Using 113 trajectories with 25732 steps over 7 coresets
All sets are connected
---------------------------------------------------------
*********************************************************
*********************************************************
---------------------------------------------------------
Computing coreset MSM at lagtime 30 ns
---------------------------------------------------------
Trajectories [0, 1, 4, 63, 73]
are shorter then step threshold (lag * minlenfactor = 150)
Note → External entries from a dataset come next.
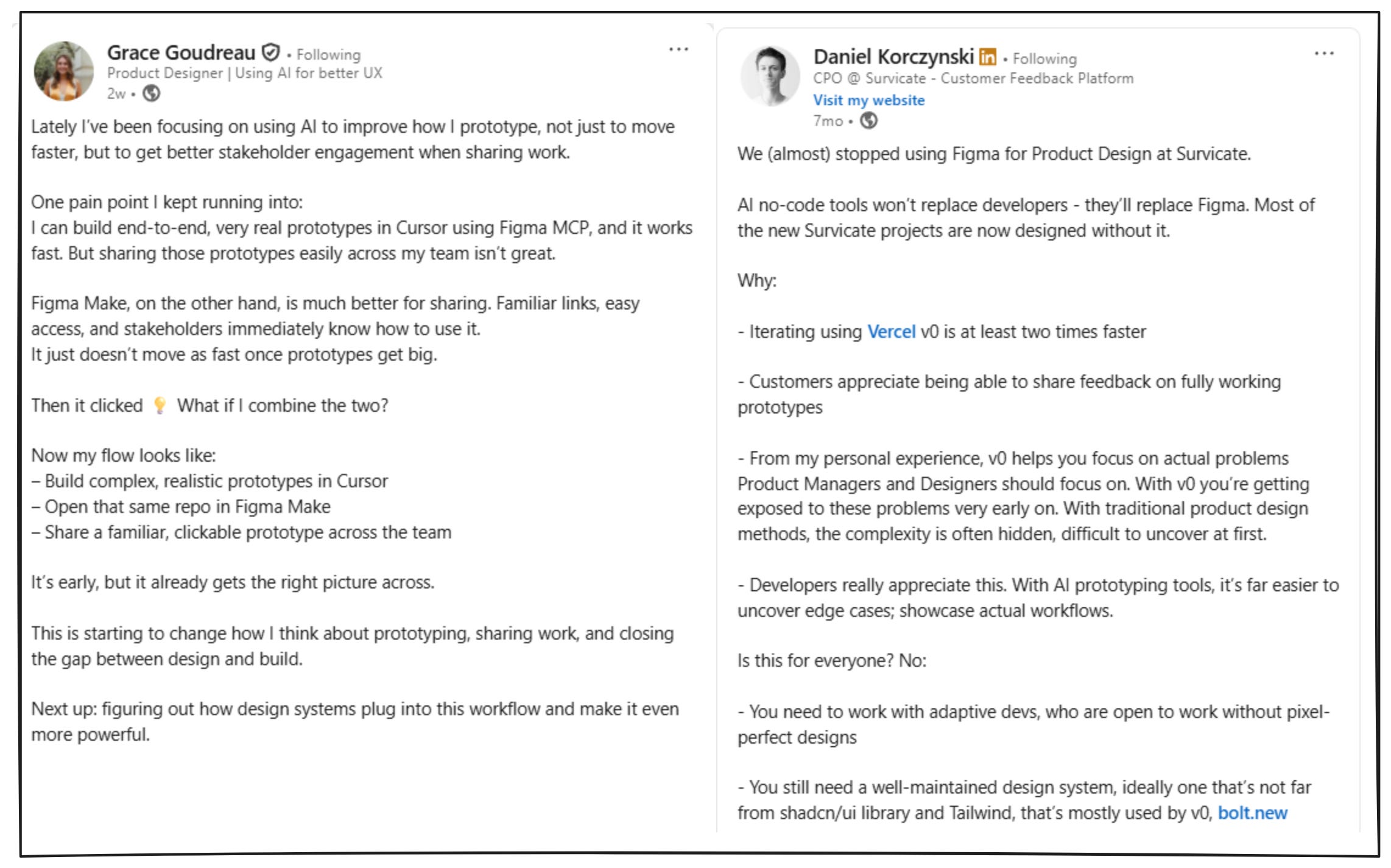 You are iterating on functionality, features, and behavior while everyone is looking at the same working thing. If you can build prototypes that are real enough to think with, you get alignment earlier, you make better calls, and you waste less time arguing in the abstract. Prototypes are becoming table stakes.
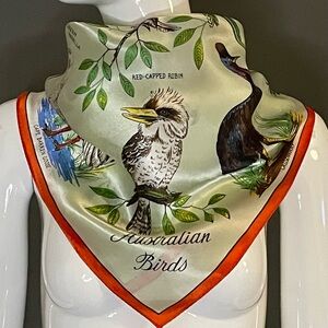 Delightful Vintage Australia Bird Theme Souvenir Scarf 26 In Sq Excellent Cond
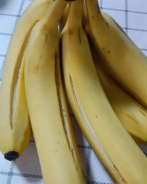 近日,不少市民在菜市場發現一種奇特的香蕉 —— 它們外皮新鮮,但每根都有道裂口。
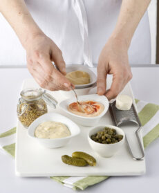 Riempite di maionese 4 piccole salsiere o ciotoline e aggiungete alla prima un cucchiaino di senape rustica, alla seconda un trito di cetriolini e capperi sott'aceto, alla terza una grattugiata di rafano, all'ultima un cucchiaino di salsa rubra e un cucchiaio di vodka; mescolate bene e sistemate le salsierine sulla tavola insieme alla carne disposta su un largo piatto.
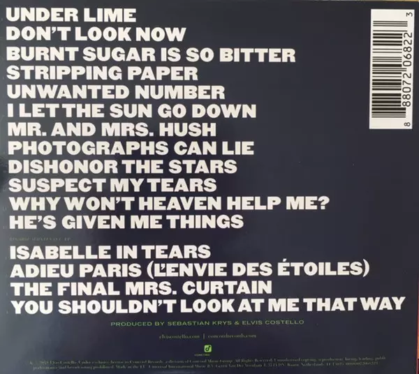 Alto Flute Mark McGregor (2) | Bass Davey Faragher | Bass Clarinet AK Coope | Cello Finn Manniche, Olivia Blander | Double Bass Les Kasprzak | Drums Pete Thomas | Engineer [Assistant] Spencer Bleasdale | Engineer [Rhythm Section] John Paterno | Engineer [Steve Nieve Recording] Guillaume Lejault | Engineer [Vocal, Orchestral & Additional] Paul Silveira | Flugelhorn Brad Turner (2) | Lyrics By, Music By Elvis Costello | Mixed By Paul Silveira | Piano [Motif] Steve Nieve | Producer Elvis Costello | Viola Henry Lee (2), Isabelle Roland, Markus Takizawa | Violin Cameron Wilson (2), Domagoj Ivanovic, Ken Lin, Rick Dorfer, Yun Jung | Violin [Concertmaster] Mark Ferris | Vocals, Piano [Main Accompanying], Electric Guitar, Celesta Elvis Costello
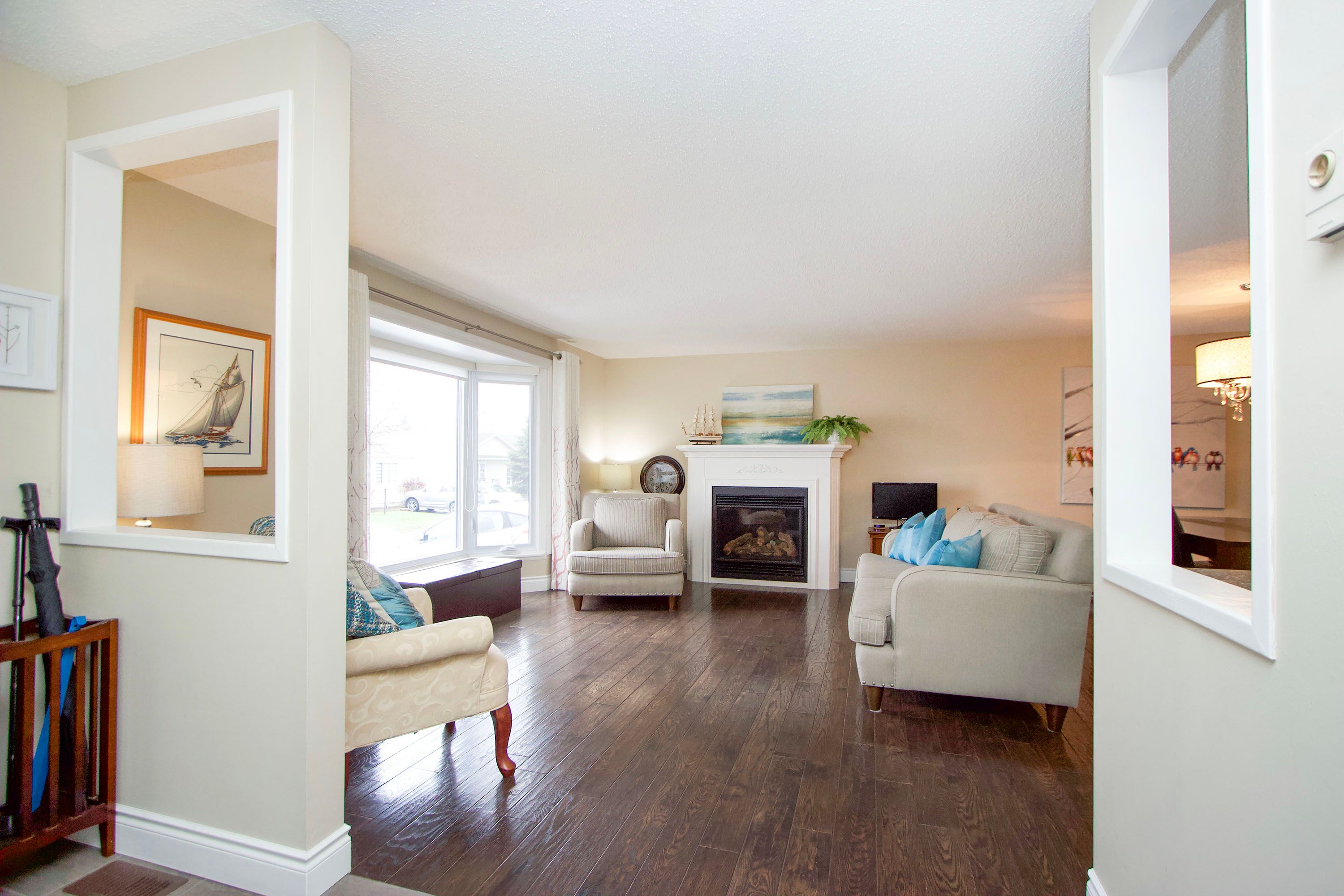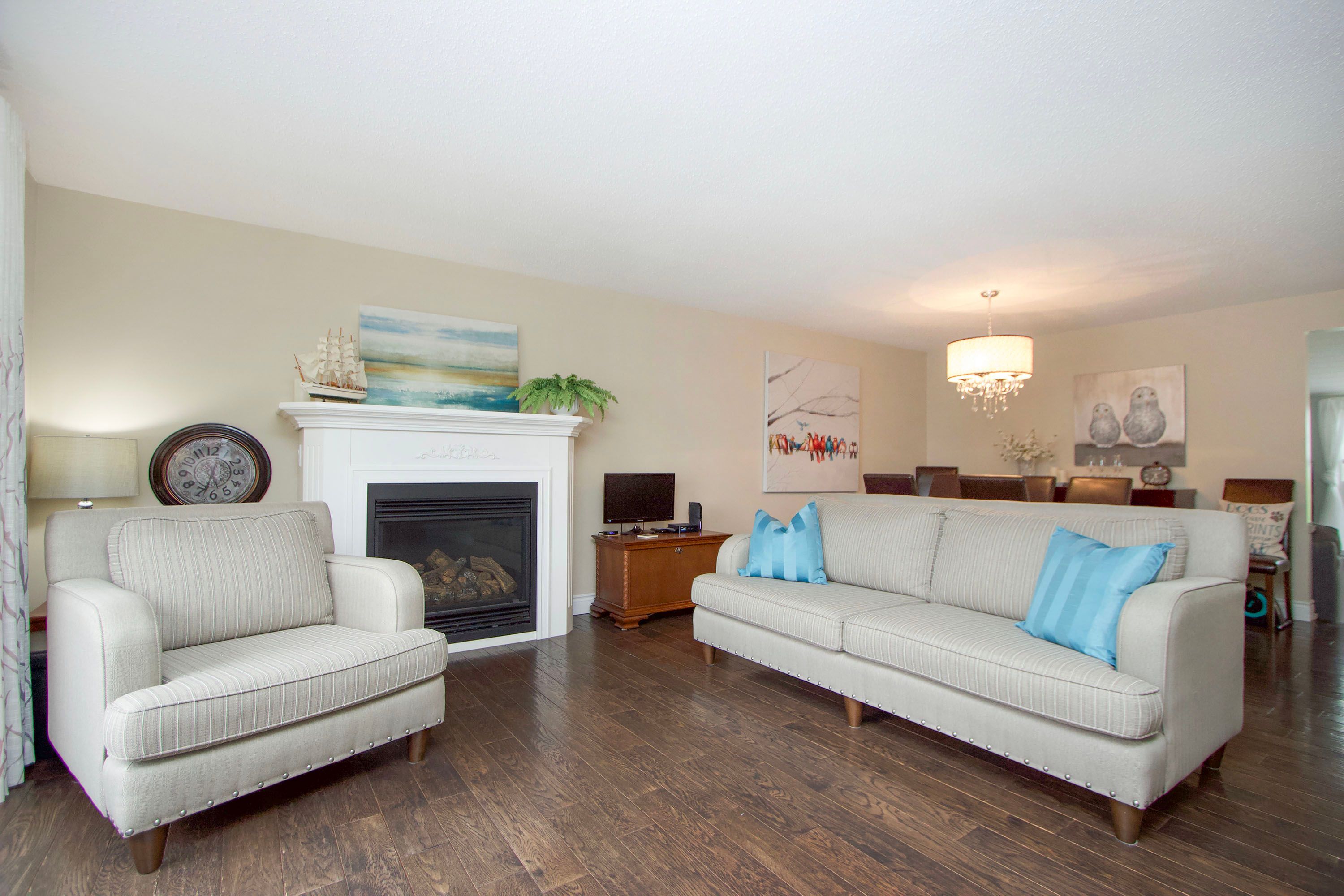 • Spacious open-concept layout with hardwood floors throughout.

and will not be used to compute the MSM.
Using 111 trajectories with 25447 steps over 7 coresets
All sets are connected
---------------------------------------------------------
*********************************************************
[74]:
# Plot the time scales
fig, ax, *_ = M.plot_its()
fig.tight_layout(pad=0.1)

[75]:
figsize = mpl.rcParams["figure.figsize"]
mpl.rcParams["figure.figsize"] = figsize[0], figsize[1] * 0.2
M.plot_eigenvectors()
mpl.rcParams["figure.figsize"] = figsize

This result is in good agreement with the one we obtained manually and argualbe faster and easier to achieve. If we decide that this result is exactly what we consider valid, then this is nice. If we on the other hand want to tune the clustering result further, with respect to splitting, noise level and what is considered noise in the first place we gain more flexibility with the manual approach.